DATA SHOWN:
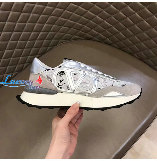 VALENTI**-1W2S0DY 발렌티노 실버 레이스 메쉬 레이스러너 스니커즈 남여공용
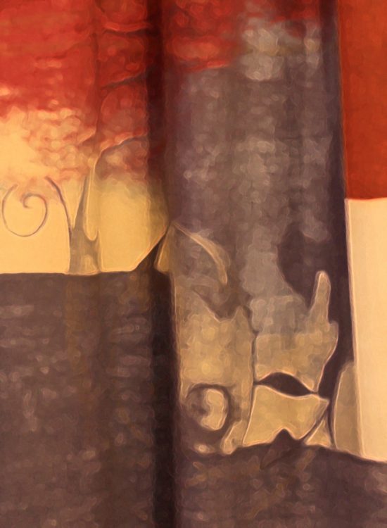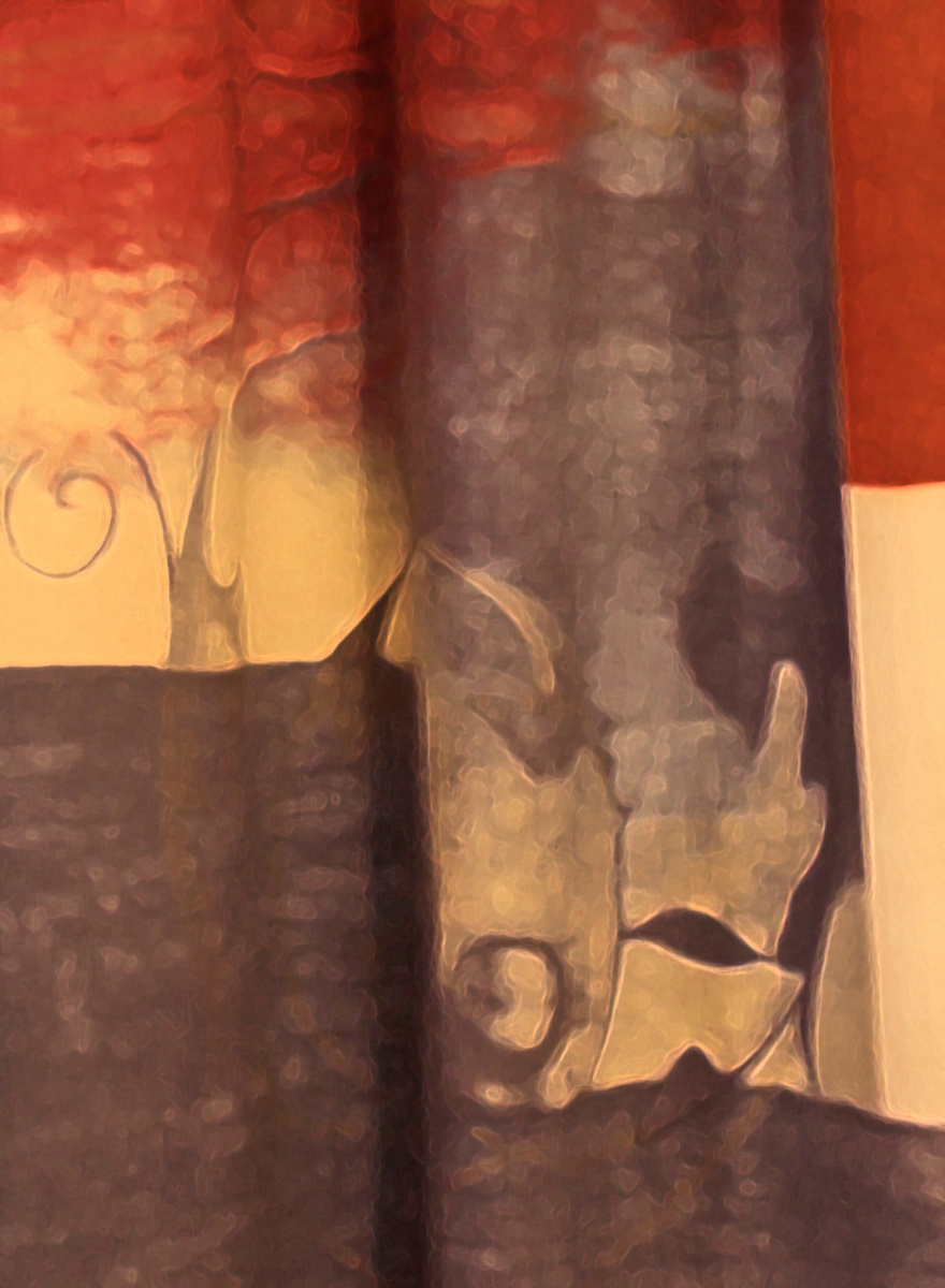 I like the colours and pattern ……. I think I can see a man putting a plant into his garden, with his watering can beside him and his cat sitting on a ledge watching him!?!?!?!
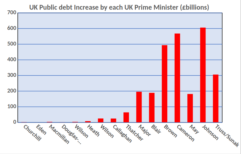 There we have it, the reasons for that £2,800,000,000,000 debt which in 2023/24 cost the country an interest payment of £107,000,000,000.

TASK OBJECTIVE: Print out all the material above exactly as it appears, omitting the images.

COMPLETED EXERCISE:
 VALENTI**-1W2S0DY 발렌티노 실버 레이스 메쉬 레이스러너 스니커즈 남여공용
 I like the colours and pattern ……. I think I can see a man putting a plant into his garden, with his watering can beside him and his cat sitting on a ledge watching him!?!?!?!
 There we have it, the reasons for that £2,800,000,000,000 debt which in 2023/24 cost the country an interest payment of £107,000,000,000.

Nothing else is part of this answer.